Easy going, divine dance: A.I.M by Kyle Abraham in An Untitled Love

Kings Theatre, Edinburgh
August 20, 2022

★★★★

An Untitled Love, Kyle Abraham’s latest work for his company A.I.M, invites the audience into the most laid-back of house parties. Friends come and go, stopping to talk, joshing, joking, even sometimes dancing. To one side at the front sits a sofa and pot plant, around which they munch snacks, chat or just chill.

The mood is emphasised by the music, a selection of bass-heavy soul by R&B great, D’Angelo. An Untitled Love is a slow burner and does take a while to get going, though. For the first half-hour or so, the dance is restricted to just little vignettes, although it’s amazing how gently and easily they flow out of the various meetings and comings and goings. The exception is an arresting slow-motion sequence to pacy music where time seems to slow.

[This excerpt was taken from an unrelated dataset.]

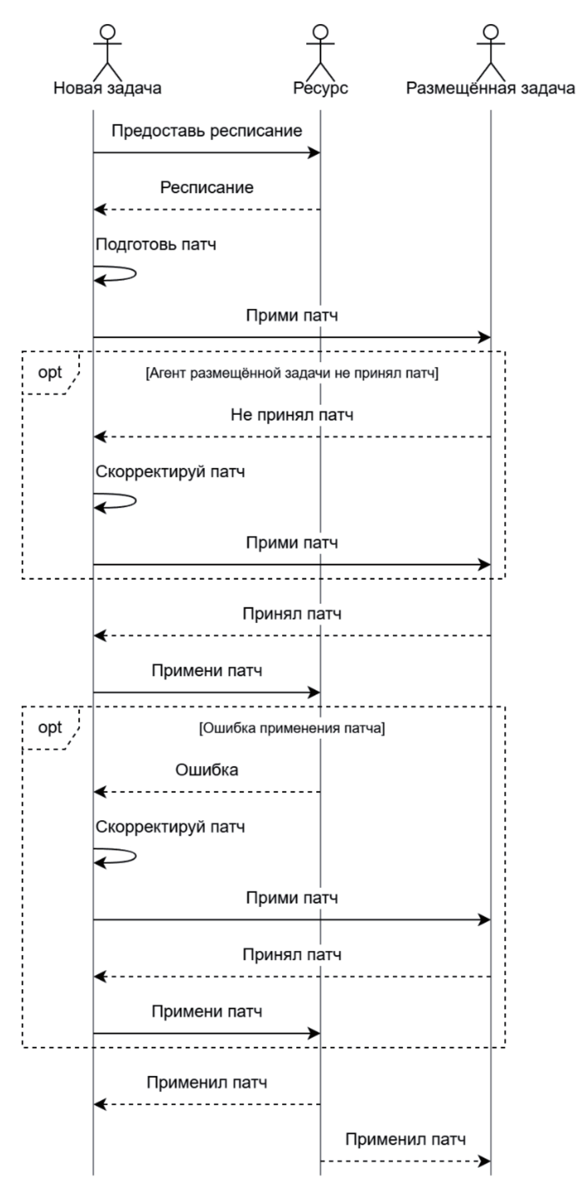 Чтобы забронировать ресурс, агент задачи (агент-инициатор) запрашивает информацию о расписании у агента ресурса и рассчитывает патч, включающий добавление собственной задачи в расписание (рисунок 24). Если патч содержит изменения состояния других задач, то агент-инициатор направляет им патч на просмотр. Агент задачи может принять либо отвергнуть патч, в зависимости от своей модели поведения. Сообщение о непринятии патча содержит причину отказа, которая используется для его корректировки.

Tamisha A Guy and Claude (CJ) Johnson
in An Untitled Love by Kyle Abraham
Photo Christopher Duggan

Dancers flirt, and socialize easily. Dance and the conversations become as one. A juicy arabesque or a short sequence really does feel like an extension of what is being said. It’s also warm and cosy with hints of romance as the cast make their moves, pair off and disappear for a while.

When the longer sequences come, we see just how varied and beautifully fluid Abraham’s vocabulary is. Ballet moments sit alongside effortless jazz with, every now and then, a dash of hip hop thrown in for good measure.

The dance and the dancing are gorgeous. An Untitled Love is loaded with soft graceful turns, pliant bodies and long lines. In duets, the performers frequently seem to melt into one another. It will leave you purring with pleasure.

Jae Nael is the main comic figure, sauntering through the scene eating or dropping into splits as if he had drunk too much. We do hear some speech too, often with gentle humour about familiar topics. Catherine Kirk gives into Martel Ruffin’s advances, after which we hear a funny offstage monologue as she gets ready for a date with him, wondering what to wear, and even whether she should back out, torn between “playing with boys” and remaining single for life. A minor narrative oddity sees them back at the party after he arrives.

The mood changes for a moment when a voiceover suddenly intrudes. As the cast, almost all black, lie on the floor, “We’re the ones getting killed,” we hear. “Why do we keep loving this country? This country does not love us back.”

The quiet yet powerful duet to D’Angelo’s ‘Untitled (How Does It Feel)’ for Kirk and Martell Ruffin that follows is the highlight of the show. Separated by a strip of light across the front of the stage, the couple support in other in turns. The connection is unstable, though, she receding into the shadows time and again. When she leaves, it’s followed by an electric solo by him, his body seeming to scream with the pain inside.

It ends with the whole cast gathered on and around the couch watching the divine Tamisha A. Guy and Claude (CJ) Johnson dance romantically. I, and I suspect most in the King’s Theatre audience sighed very happily indeed.